AU Commision Chairperson, Dr. Nkosazana Dlamini Zuma Statement at the Opening Session of the 4th Joint Retreat Between the Permanent Representatives’ Committee (PRC) and the African Union Commission (AUC),
AU COMMISION CHAIRPERSON, DR. NKOSAZANA DLAMINI ZUMA STATEMENT AT THE OPENING SESSION OF THE 4TH JOINT RETREAT BETWEEN THE PERMANENT REPRESENTATIVES’ COMMITTEE (PRC) AND THE AFRICAN UNION COMMISSION (AUC),
HAWASSA, ETHIOPIA, 14-15 APRIL 2014
Your Excellency Mr.
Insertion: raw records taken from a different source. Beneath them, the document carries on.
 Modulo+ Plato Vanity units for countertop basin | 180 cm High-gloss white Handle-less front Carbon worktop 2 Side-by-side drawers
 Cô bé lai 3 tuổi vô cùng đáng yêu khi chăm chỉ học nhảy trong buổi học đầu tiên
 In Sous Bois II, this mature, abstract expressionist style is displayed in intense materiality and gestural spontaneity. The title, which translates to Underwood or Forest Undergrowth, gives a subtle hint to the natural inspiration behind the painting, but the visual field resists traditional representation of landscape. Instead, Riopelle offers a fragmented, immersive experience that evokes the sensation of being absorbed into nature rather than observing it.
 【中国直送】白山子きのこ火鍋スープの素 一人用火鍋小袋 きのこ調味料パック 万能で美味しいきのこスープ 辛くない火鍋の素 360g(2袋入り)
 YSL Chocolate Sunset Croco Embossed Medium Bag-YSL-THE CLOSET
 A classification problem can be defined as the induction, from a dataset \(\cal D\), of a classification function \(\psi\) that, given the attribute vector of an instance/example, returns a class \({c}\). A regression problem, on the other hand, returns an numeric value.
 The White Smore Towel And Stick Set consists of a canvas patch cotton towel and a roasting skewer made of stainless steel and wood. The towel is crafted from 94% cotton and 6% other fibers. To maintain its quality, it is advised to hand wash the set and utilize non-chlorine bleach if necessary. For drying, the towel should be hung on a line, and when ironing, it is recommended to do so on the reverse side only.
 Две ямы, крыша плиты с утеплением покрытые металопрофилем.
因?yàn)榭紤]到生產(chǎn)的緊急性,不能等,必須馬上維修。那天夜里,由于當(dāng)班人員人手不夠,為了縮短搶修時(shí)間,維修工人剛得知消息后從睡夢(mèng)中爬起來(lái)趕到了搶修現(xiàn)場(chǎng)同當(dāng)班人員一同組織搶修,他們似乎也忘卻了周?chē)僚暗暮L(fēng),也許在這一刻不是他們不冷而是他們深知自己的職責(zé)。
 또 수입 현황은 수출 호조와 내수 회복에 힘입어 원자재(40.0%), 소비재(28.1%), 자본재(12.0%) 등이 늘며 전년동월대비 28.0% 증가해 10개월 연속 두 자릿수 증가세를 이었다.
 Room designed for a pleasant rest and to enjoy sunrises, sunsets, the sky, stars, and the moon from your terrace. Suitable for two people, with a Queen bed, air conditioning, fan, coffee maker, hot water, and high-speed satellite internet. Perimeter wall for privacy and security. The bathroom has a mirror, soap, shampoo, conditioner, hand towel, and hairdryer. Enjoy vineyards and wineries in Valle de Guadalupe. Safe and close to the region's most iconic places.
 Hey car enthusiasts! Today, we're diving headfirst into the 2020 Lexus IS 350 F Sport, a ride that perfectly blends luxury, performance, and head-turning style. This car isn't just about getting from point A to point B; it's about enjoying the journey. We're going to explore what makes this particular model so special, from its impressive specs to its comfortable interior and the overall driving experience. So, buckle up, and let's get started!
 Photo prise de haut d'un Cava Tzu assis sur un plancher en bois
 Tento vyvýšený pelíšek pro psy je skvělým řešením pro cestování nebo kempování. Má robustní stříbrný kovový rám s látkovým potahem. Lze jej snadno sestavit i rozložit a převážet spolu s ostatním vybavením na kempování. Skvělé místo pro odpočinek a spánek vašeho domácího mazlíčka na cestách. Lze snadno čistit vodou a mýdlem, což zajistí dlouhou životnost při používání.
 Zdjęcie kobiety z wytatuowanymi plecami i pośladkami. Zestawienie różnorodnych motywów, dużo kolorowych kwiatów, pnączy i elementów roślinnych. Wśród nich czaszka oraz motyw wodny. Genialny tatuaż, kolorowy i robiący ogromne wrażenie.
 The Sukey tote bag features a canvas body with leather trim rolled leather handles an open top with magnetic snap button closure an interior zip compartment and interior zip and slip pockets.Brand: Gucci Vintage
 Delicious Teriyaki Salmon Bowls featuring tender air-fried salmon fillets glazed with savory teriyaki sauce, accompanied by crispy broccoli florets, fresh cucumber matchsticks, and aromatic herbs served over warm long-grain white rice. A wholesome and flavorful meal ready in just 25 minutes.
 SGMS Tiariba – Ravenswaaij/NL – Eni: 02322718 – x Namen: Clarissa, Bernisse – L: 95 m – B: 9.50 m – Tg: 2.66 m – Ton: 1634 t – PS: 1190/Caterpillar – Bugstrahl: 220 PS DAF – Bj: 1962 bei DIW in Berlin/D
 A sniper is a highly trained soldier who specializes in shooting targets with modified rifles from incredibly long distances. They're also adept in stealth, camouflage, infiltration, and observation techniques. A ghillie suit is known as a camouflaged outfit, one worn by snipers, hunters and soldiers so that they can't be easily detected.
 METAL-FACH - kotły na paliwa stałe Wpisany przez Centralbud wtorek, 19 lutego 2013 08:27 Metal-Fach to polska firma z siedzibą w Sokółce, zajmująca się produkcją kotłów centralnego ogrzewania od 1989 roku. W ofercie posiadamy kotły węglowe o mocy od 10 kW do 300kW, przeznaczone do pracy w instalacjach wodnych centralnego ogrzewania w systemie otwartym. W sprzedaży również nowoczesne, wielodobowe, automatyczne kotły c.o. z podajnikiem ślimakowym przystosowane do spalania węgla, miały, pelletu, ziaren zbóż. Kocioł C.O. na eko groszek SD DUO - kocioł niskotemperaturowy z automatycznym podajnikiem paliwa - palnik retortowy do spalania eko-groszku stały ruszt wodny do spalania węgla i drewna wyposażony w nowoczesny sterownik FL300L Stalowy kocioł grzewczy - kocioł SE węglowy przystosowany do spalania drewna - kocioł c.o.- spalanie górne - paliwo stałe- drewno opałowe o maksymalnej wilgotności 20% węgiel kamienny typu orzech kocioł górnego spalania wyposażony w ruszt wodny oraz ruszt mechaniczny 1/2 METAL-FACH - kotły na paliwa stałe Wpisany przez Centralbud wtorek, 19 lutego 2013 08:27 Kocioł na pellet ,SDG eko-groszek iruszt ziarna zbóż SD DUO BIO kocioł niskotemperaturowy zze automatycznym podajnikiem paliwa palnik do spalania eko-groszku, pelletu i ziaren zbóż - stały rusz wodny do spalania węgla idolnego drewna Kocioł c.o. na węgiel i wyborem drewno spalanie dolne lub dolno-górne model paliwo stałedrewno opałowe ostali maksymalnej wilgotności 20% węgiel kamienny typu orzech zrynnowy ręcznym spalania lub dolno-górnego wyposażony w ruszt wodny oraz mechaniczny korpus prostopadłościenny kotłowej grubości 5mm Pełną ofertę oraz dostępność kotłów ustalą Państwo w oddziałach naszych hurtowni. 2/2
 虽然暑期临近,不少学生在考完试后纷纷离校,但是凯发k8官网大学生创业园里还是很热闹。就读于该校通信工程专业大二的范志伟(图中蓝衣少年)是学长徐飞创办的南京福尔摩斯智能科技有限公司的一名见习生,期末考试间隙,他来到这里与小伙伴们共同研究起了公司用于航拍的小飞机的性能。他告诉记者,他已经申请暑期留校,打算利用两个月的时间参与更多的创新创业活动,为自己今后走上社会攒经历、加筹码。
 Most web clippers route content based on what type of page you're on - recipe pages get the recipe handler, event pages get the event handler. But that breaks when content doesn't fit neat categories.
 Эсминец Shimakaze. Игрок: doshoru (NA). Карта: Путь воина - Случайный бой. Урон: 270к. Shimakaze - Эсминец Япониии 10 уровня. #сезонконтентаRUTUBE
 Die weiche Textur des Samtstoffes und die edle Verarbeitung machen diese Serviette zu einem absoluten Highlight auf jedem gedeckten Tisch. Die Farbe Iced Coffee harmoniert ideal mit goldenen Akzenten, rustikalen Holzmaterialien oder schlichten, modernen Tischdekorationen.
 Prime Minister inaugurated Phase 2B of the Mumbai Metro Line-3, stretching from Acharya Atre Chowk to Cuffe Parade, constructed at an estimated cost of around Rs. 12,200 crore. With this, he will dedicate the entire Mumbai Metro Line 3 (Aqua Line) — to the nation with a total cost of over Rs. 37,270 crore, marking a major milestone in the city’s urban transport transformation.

Ato Dessie Dalkie, President of the Southern Nations, Nationalities and Peoples Regional State;
Your Excellencies the entire leadership of the Southern Nations, Nationalities and Peoples Regional State;
Your Excellency, the Deputy Chairperson of the African Union Commission, Mr Erastus Mwencha;
Fellow Commissioners of the African Union Commission;
Your Excellency Chairperson of the PRC and Excellencies, Ambassadors, Members of the Permanent Representatives Committee;
Your Excellency Dr Ibrahim Mayaki, CEO of NEPAD (and the Facilitator of our Retreat)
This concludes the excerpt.